A naked street...

Tuesday 06 Sep 2011

Australian architects rejuvenate the Geelong Railway Station precinct

Trainshed Way is an urban renewal project that has reinvigorated the Geelong Railway Station precinct by introducing a new street which reorients the station precinct towards the heritage building facade, framing it as the central focal point. This forms a strategic visual and physical connection between the station and the Geelong foreshore.

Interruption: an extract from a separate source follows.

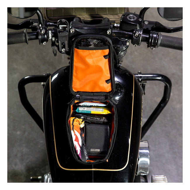 The EXFIL-2 mini tank bag is a compact storage solution designed for everyday riding. Small enough to stay out of the way but roomy enough to hold the essentials, it attaches instantly to any steel tank using three strong internal magnets, no straps required.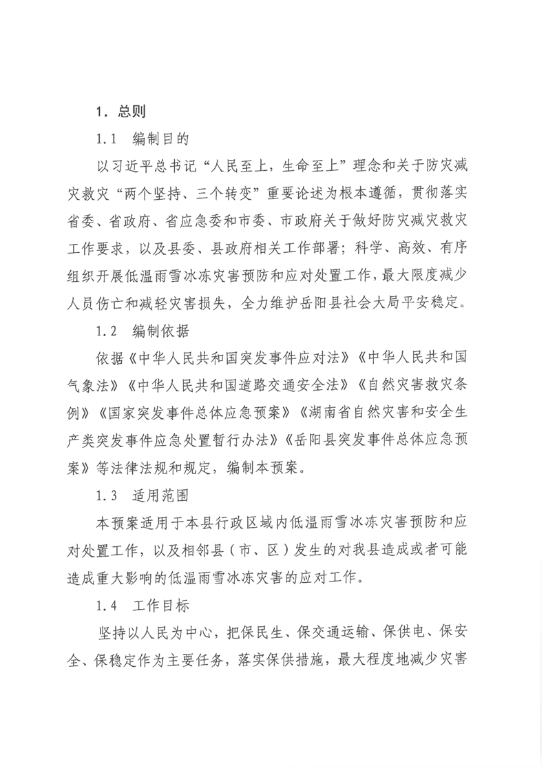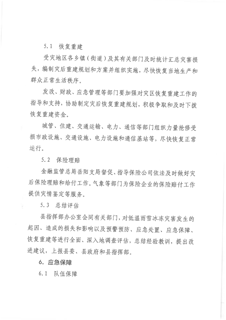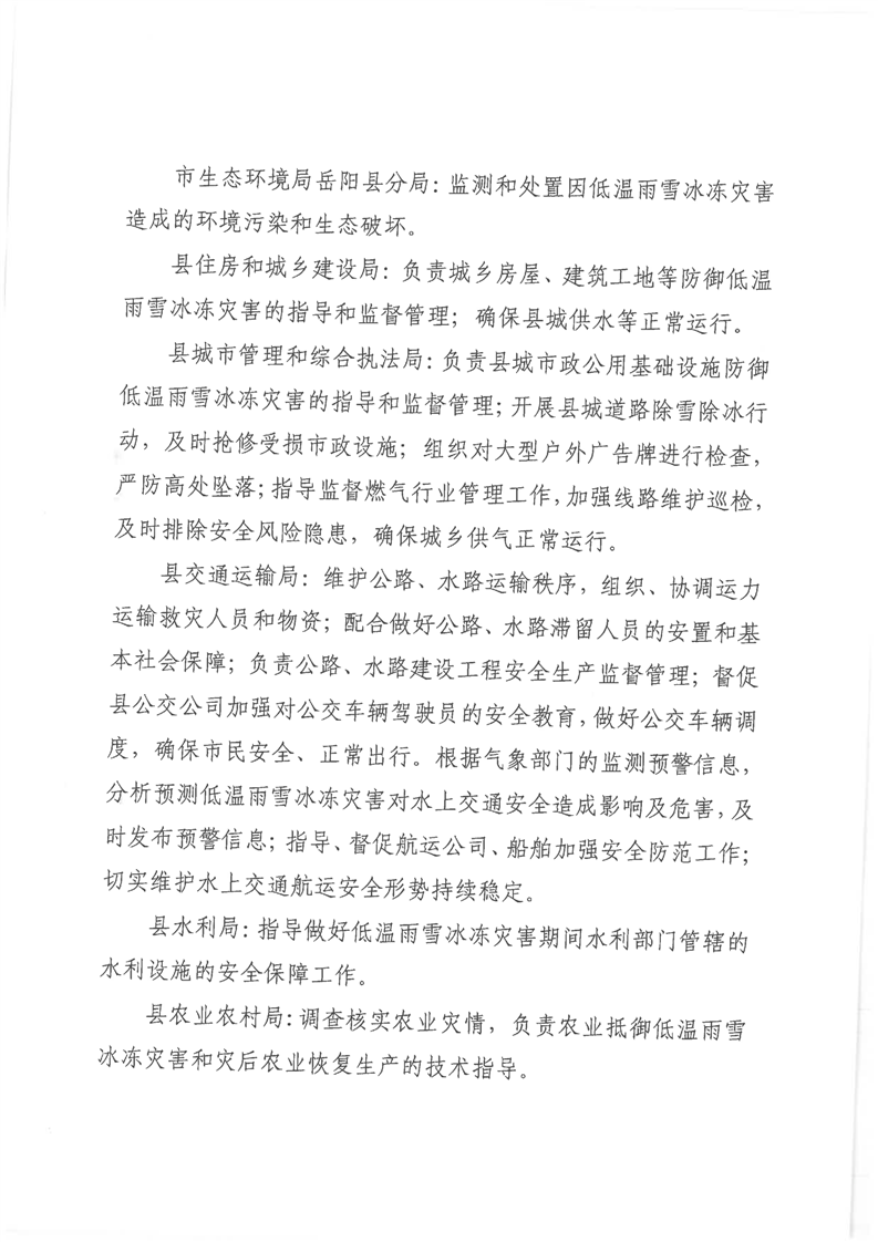 嶽陽縣低溫雨雪冰凍災害應急預案

The design incorporates a ‘naked street' concept, replacing the need for traditional vehicle carriageway cues, such as kerbs and line marking, with more intuitive, pedestrian focused interventions including street furniture, bollards and street trees. The permeability of the station is now open and flexible encouraging commuters to move safely through the precinct, eliminating potential conflicts between pedestrians, cyclists, cars, buses and taxis. A striking and evocative fence defines the southern boundary providing a secure frontage to the police station and compound.

Water sensitive urban design initiatives in the car park medians treat stormwater runoff, while providing an opportunity for tree planting to offer shade and operate as a scaling device in the landscape.

The street exhibits a dramatic stone patterning throughout its length, using the pattern as a tool to subtly articulate the shared zones of the streetscape. The pattern is created by off-setting stone slabs to create a repeating interplay between three types, colours and sizes of stone to blur the traditional delineation between pedestrian, parking and thoroughfare zones. The use of this tessellated aesthetic also makes reference to the polychromatic Victorian brickwork of the station building.

The regeneration of this former car park has created a lively urban environment, creating public spaces for mingling and meeting and improved amenity for all commuters. This is the first project to be completed within the wider precinct and consequently sets a high precedent for the future projects to come.